The American public now has unprecedented knowledge about their current president, Donald Trump, and which Mario Kart character his doingle looks like. It’s Toad.

Performer Stormy Daniels claims it looks like Toad from Mario Kart. This guy:

Disturbing.

Before you close this tab and leave the internet forever, give us a second. Let us be the last webpage you read. Because, good reader, Toad is hardly the only phallic hero in the video game kingdom. They come in all shapes and sizes.

We’ve been thinking this one over in our heads. Ruminating over it.

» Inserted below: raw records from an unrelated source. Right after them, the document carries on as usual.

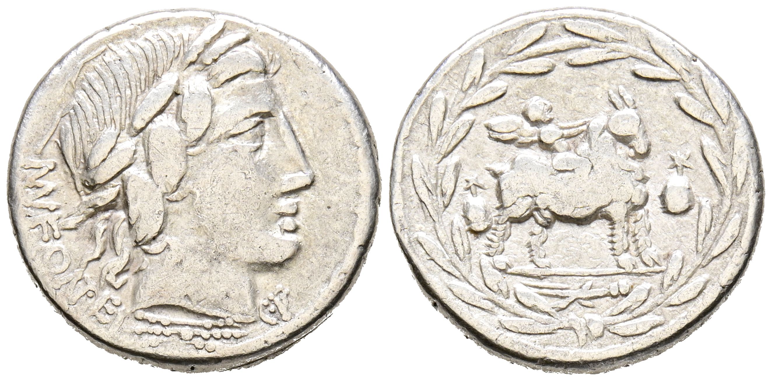 GENS FONTEIA. Denarius. (Ar. 3.85g/118mm). 85 BC Auxiliary workshop of Rome. (Crawford 353/1d; FFC 721). Anv: Laureate head of Apollo to the right, below lightning bolt, around legend: MN FONTEI CF. Rev: Genius on goat to the right, between two caps of the Dioscuri, below thyrsus, all within a laurel wreath. Very Fine.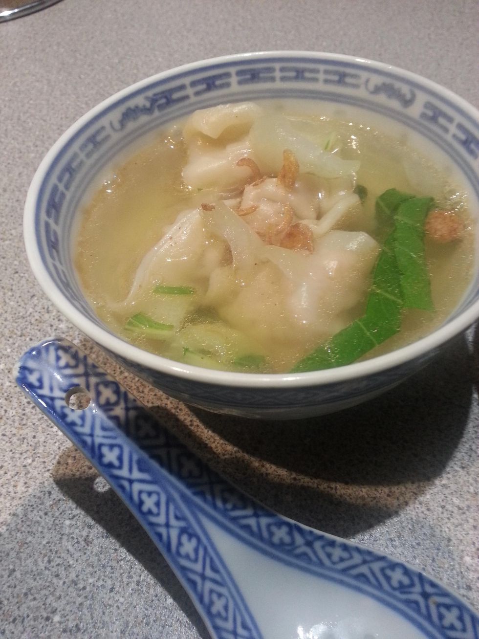in a small bowl mix plain flour with some water to help seal the wantons. Place the pork mixture in the center of the wanton skin.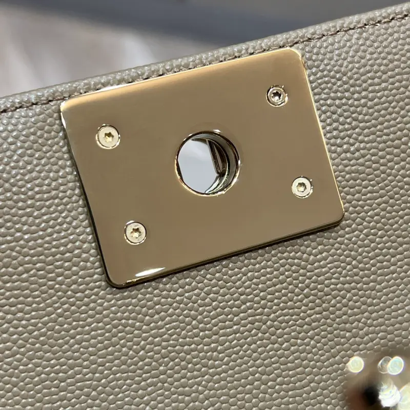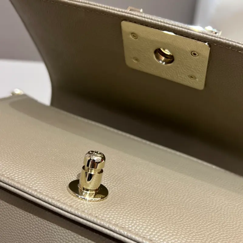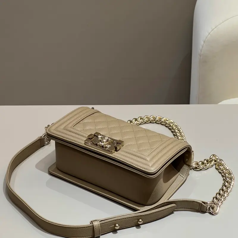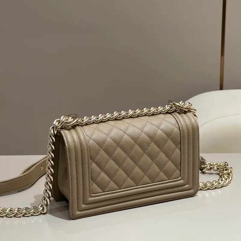 Leboy-Small 20cm-Fine Spherical Caviar Leather-Dark Rice Milk Tea Light Gold Buckle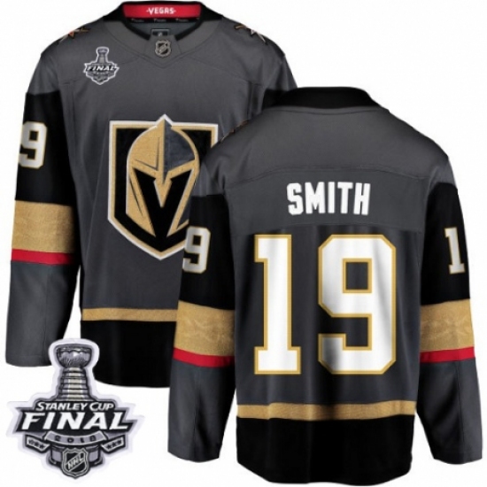 >Men's Vegas Golden Knights #19 Reilly Smith Authentic Black Home Fanatics Branded Breakaway 2018 Stanley Cup Final NHL Jersey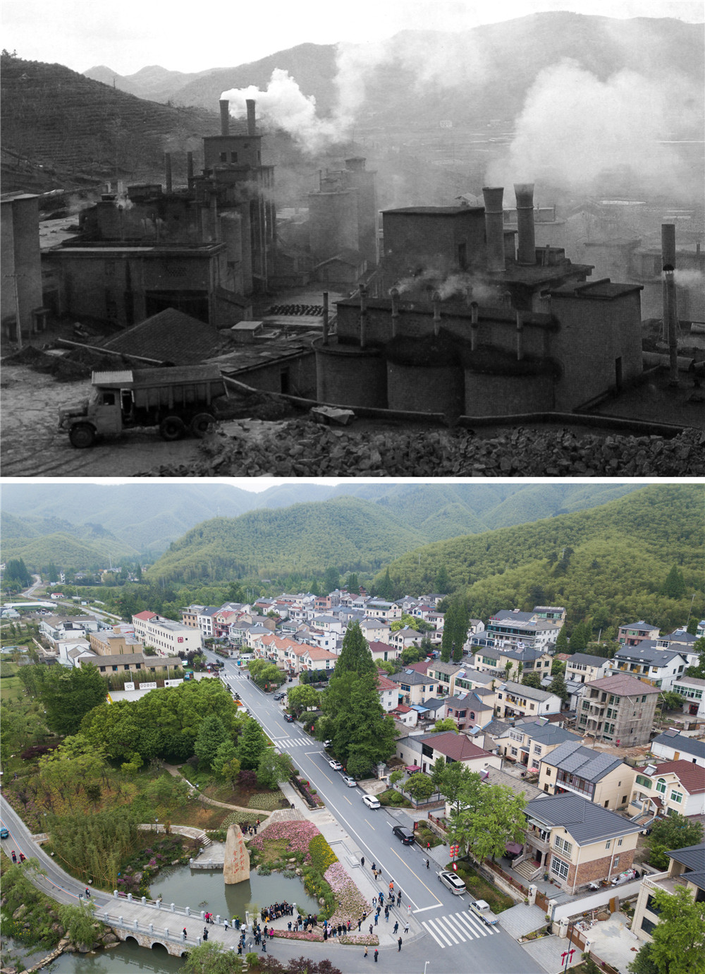 拼版照片:上圖為浙江省湖州市安吉縣天荒坪鎮(zhèn)余村二十世紀(jì)八十年代的資料照片;下圖為2018年4月24日,游客在整修一新的余村游覽(新華社記者翁忻旸攝)。新華社發(fā)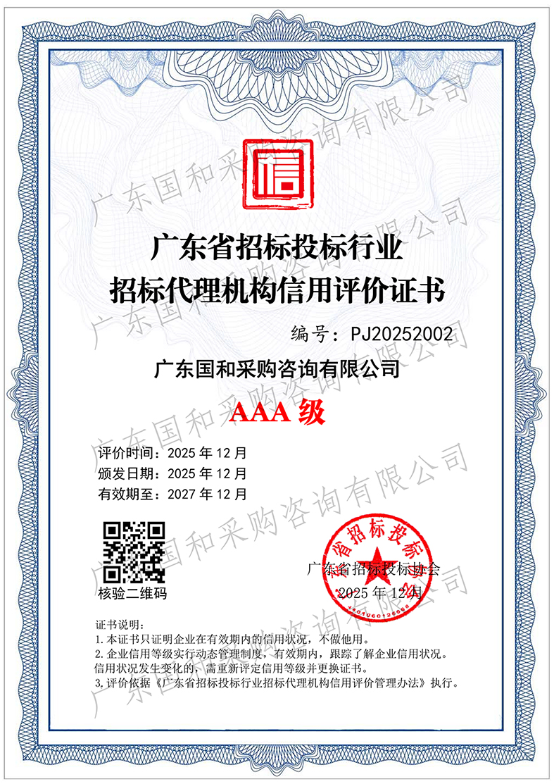 近日,广东省招标投标协会公布了广东省招标投标行业招标代理机构信用评价结果,我公司荣获广东省招标投标行业招标代理机构信用评价AAA级证书!这一荣誉是行业对我公司在招标代理领域专业能力、信用体系建设和规范经营方面卓越表现的权威认可,更是对国和咨询团队长期坚守诚信、精益求精的肯定。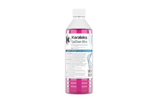 Удалитель стойких застарелых остатков эпоксидной затирки, эпоксидного клея «KERATEKS EpoClean Ultra». Предназначен также для удаления эпоксидной затирки из швов в любое время после окончания работ. Представляет собой густой усиленный высокоэффективный кислотный состав красного цвета. Упаковка – стеклянная бутылка 0.5 л.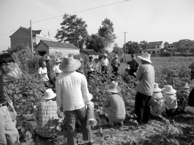 图为安徽省望江县沈冲乡群星村种植的“华杂棉H318”前期长势好,中期遇干旱,7月4日上午,沈冲乡群星村村民聚在一起,听国欣种业专家讲抗旱应变管理技术。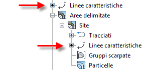 È possibile creare linee caratteristiche all'interno o all'esterno di un'area delimitata. Le linee caratteristiche create al di fuori di un'area delimitata compariranno in una raccolta di Linee caratteristiche all'interno del Prospetto. Le linee caratteristiche create all'interno di un'area delimitata vengono visualizzate nella raccolta Linee caratteristiche all'interno della raccolta Area delimitata.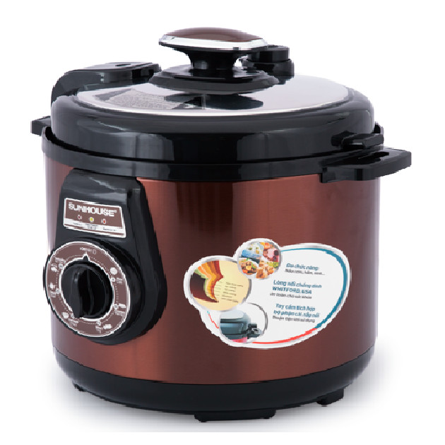 Thiết kế sang trọng, đẹp mắt Nồi áp suất điện đa năng SUNHOUSE SHD1756 có thiết kế nổi bật với thân nồi bằng thép sơn tĩnh điện màu cà phê sang trọng. Nắp nồi bằng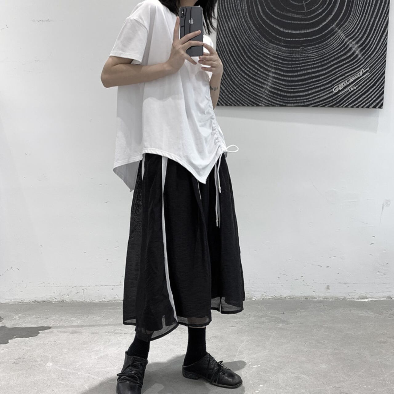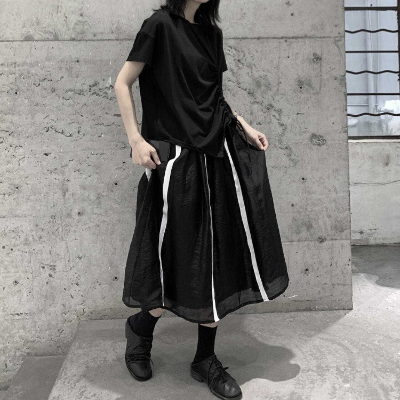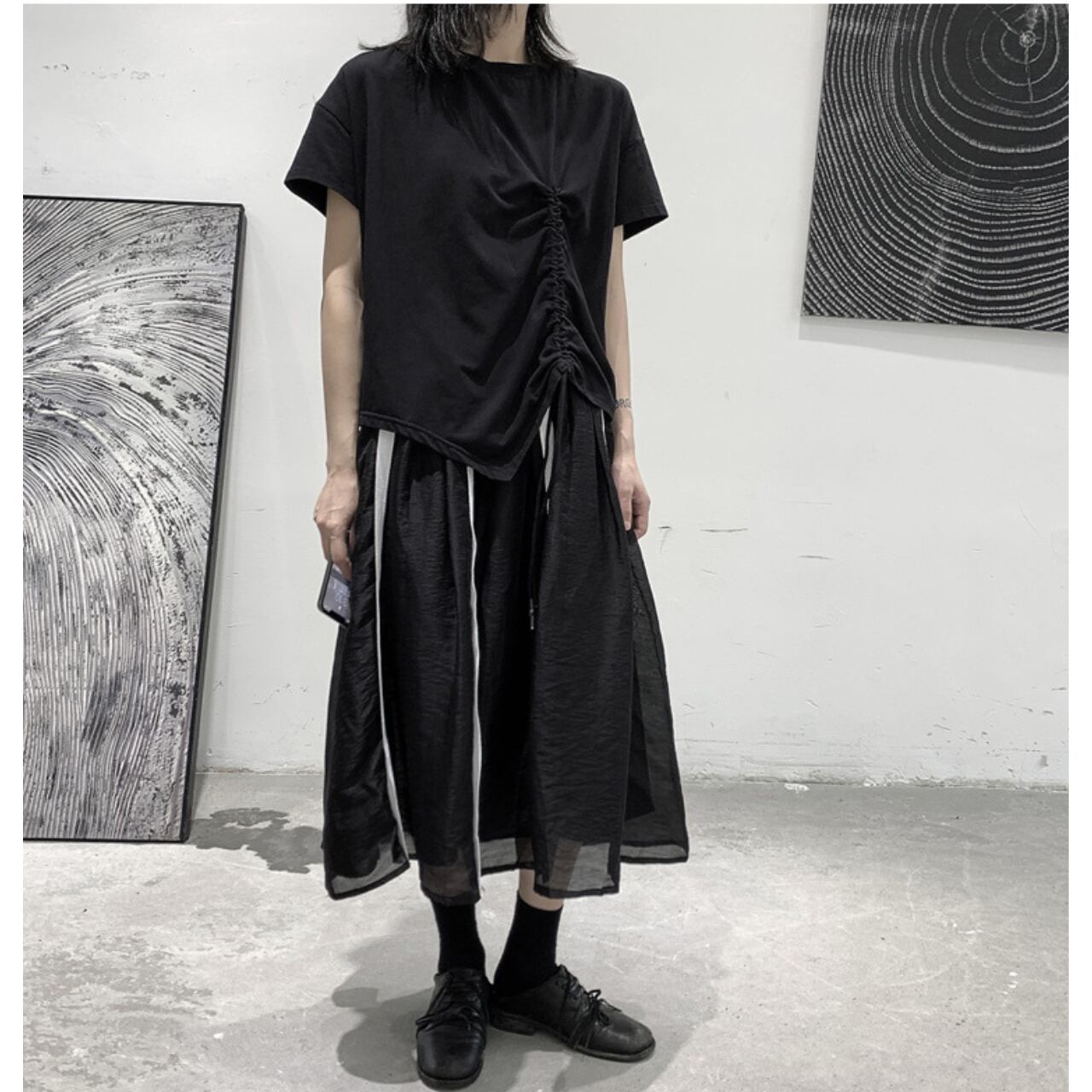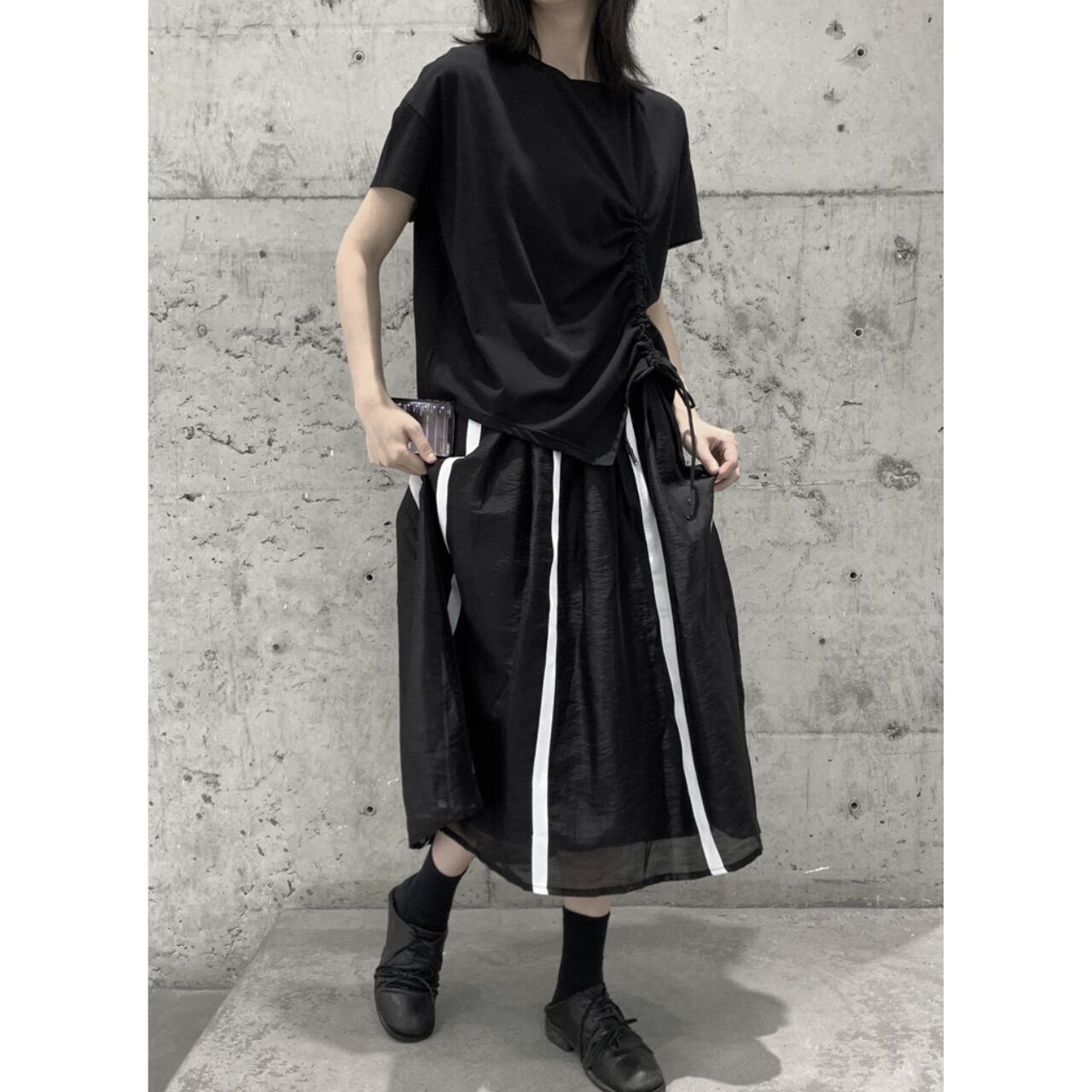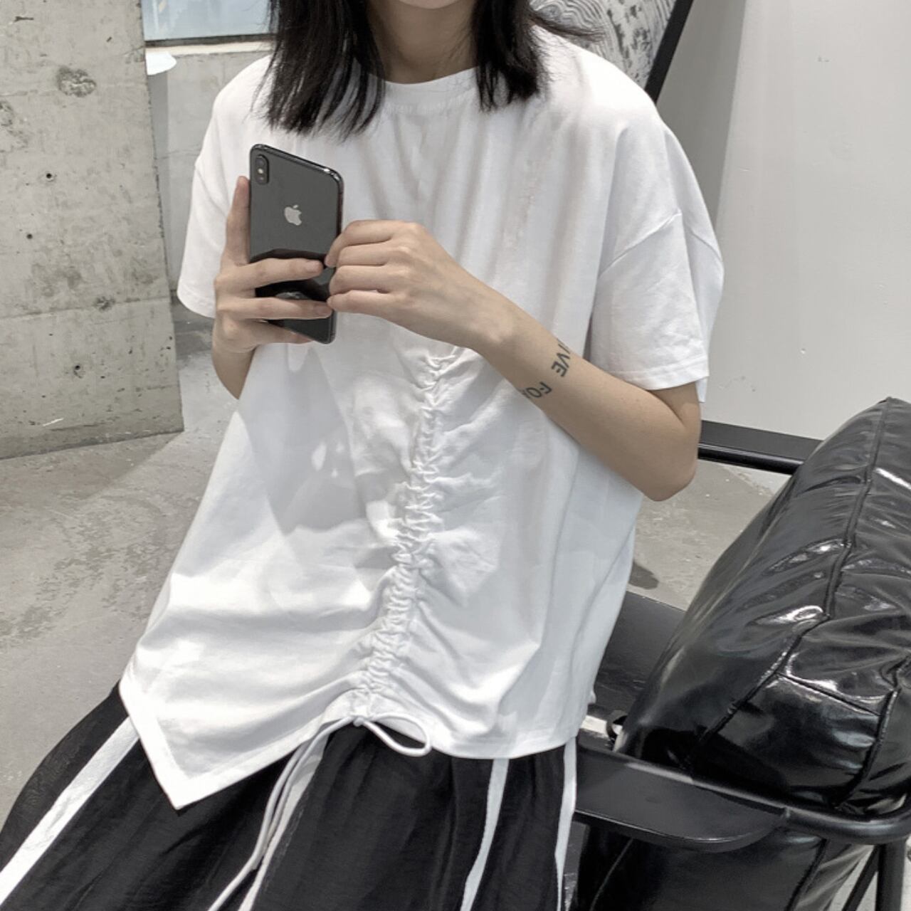 サイドの絞りデザインがポイントのTシャツは、一枚で着てもサマになります。 程よくゆとりのあるシルエットは、動きやすさと着心地の良さを両立。 デイリーユースはもちろん、休日のリラックスシーンにも最適です。 シンプルなデザインなので、様々なボトムスとコーディネートしやすいのも魅力です。 【サイズ】 M 胸囲 116cm 着丈 64cm L 胸囲 118cm 着丈 65cm ※採寸方法により1~3cmの誤差がある場合がございます 【カラー】 ホワイト ブラック 【素材】 コットン 【お届けについて】 こちらの商品は海外店舗より直接発送となる為、ご入金から1週間〜3週間前後で発送致します。 ◼️注意事項 ・タイミングによっては 商品在庫切れにより注文キャンセルとさせていただく恐れもございますので、予めご了承くださいませ。 ・こちらは輸入品となります。 日本製とは検品基準が異なる為、新品未使用品でも、ごくわずかな汚れや傷がある場合もございます。 ・商品の色味は、お手持ちのデバイスの画面によって実物と若干異なる場合がございます。 ・イメージ違いやサイズ等、お客様都合による交換、返品、キャンセルは対応出来かねます。 ———————————— ご購入前にこちらをお読みください →https://shop.remtry.net/about ————————————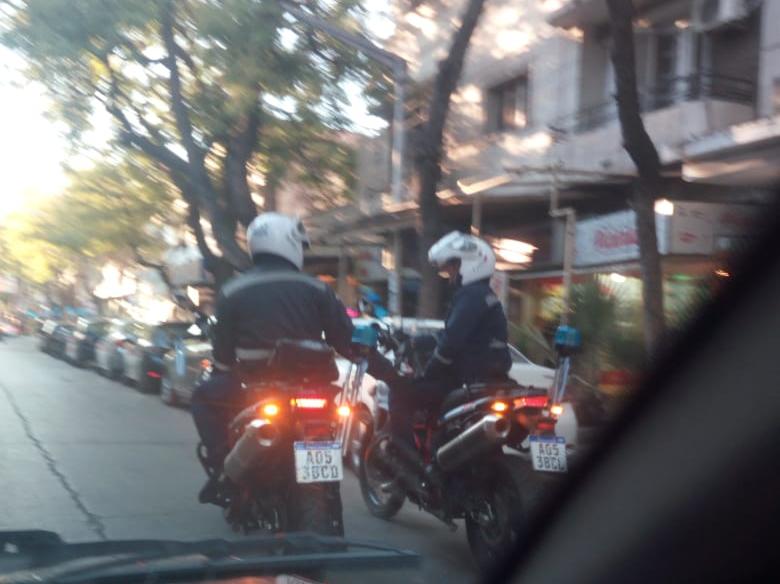 Un lector envió una imagen y el siguiente comentario: "Estos policías en pleno centro, a la par, a pura charla, obligando a todos los demás a ir por el único carril que nos dejaron a los automovilistas".

To get the best possible description of any past, present or future American president’s executive office, we’d like to provide a line-up of other video game characters to pull from.

So without further ado, here’s a couple other video game characters that look like a pocket rocket.

Bullet Bill

Bullet Bill is thick, fast, and would best used to describe the folks out there packing some heat.

Cappy

Kirby has to inhale extra hard to take out this otherwise basic enemy.

Toadette

For those with a feminine penis, we suggest describing it as a “Toadette.”

Puffstool

Seriously, what is it with Nintendo and mushrooms? This one is from Pikmin, by the way.

Cactuar

Watch out for those 1000 needles.

Garuda

Speaking of Final Fantasy, Garuda’s neck gave us nightmares.

Gillwing

Sega wasn’t immune from creating the occasional penis monster either. Here’s one of our “favorites” from Nights Into Dreams.

Kakuna

And we’re back to phallic Nintendo characters. Fun fact: Kakuna evolves from a Weedle, who also looks… Well… See for yourself.

Combusken

Now that’s what we call a full package.

Diglett

Okay okay, enough with the Pokémon we could do that all day. You’re off the hook for now, Exeggutor.

Java

Hahaha. Neat. Gross.

Mara

That’s one subtle chaos demon, Shin Megami Tensei.

Sans

Undertale has a skele-ton of interesting characters, but Sans by far looks the most like a real prick.

Metroid

We give up. Nintendo, you’ve clearly got some issues to work out.